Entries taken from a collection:
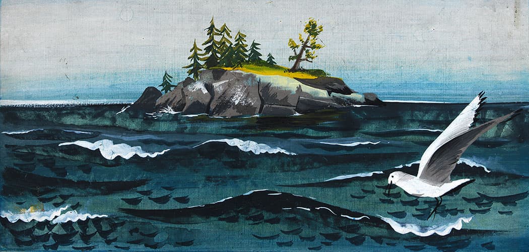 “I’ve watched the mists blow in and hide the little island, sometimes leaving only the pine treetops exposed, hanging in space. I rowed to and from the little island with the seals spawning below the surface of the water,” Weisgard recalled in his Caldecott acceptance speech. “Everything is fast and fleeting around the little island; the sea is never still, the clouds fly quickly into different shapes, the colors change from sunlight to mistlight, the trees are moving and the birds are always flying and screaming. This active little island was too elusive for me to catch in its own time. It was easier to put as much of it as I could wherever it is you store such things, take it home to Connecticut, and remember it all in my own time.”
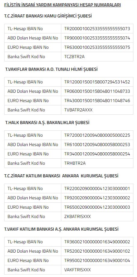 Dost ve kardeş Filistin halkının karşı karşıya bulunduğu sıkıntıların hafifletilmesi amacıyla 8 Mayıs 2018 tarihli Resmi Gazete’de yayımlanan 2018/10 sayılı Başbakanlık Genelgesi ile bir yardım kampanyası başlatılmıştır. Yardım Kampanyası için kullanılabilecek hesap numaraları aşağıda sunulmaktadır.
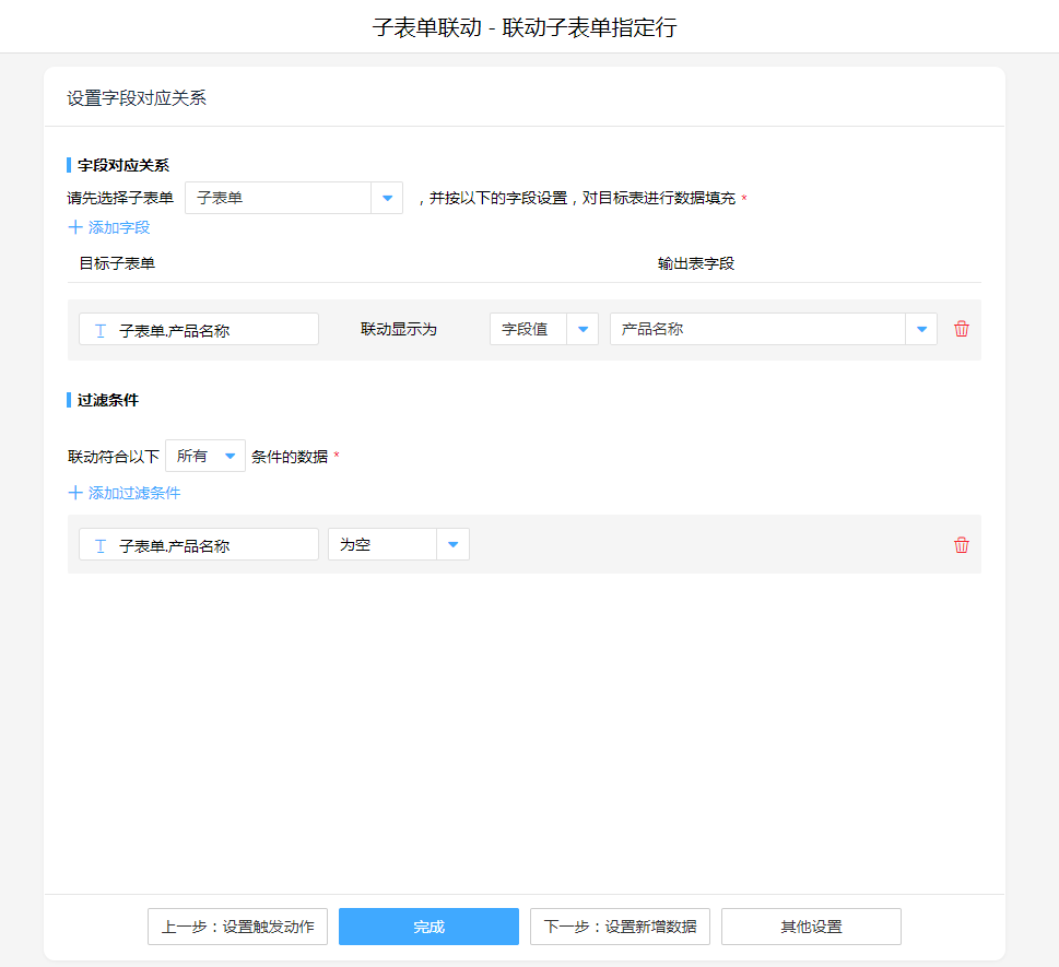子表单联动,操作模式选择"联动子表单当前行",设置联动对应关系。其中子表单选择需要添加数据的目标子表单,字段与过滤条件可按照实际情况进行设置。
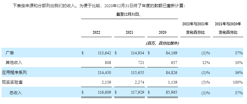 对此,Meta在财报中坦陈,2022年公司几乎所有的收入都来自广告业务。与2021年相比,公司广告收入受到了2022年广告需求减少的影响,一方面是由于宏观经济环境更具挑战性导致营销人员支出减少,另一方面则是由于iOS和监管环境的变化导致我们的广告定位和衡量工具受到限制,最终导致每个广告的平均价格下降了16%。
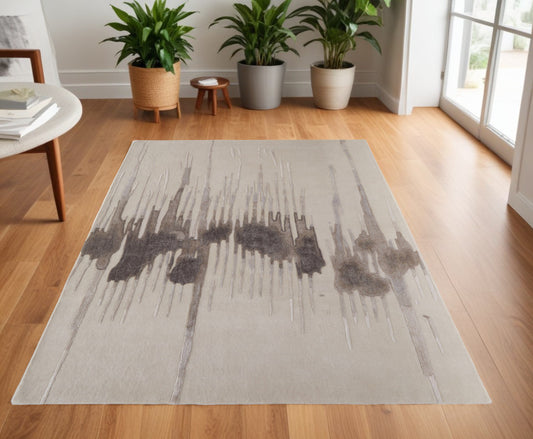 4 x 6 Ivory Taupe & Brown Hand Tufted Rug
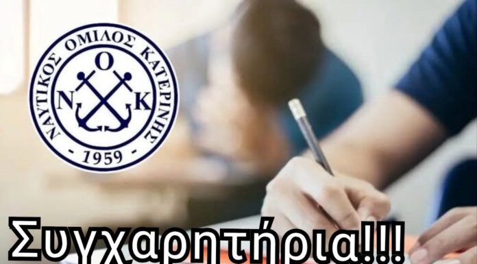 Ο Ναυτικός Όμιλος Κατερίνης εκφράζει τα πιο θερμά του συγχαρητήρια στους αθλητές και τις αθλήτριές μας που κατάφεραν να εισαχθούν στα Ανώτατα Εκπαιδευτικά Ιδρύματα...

Exercise prompt. Reproduce the lines of the data that run from the one containing "4 x 6 Ivory Taupe & Brown Hand Tufted Rug" to the final line, both included, exactly as they appear and without the pictures.

Expected answer.
 4 x 6 Ivory Taupe & Brown Hand Tufted Rug
 Ο Ναυτικός Όμιλος Κατερίνης εκφράζει τα πιο θερμά του συγχαρητήρια στους αθλητές και τις αθλήτριές μας που κατάφεραν να εισαχθούν στα Ανώτατα Εκπαιδευτικά Ιδρύματα...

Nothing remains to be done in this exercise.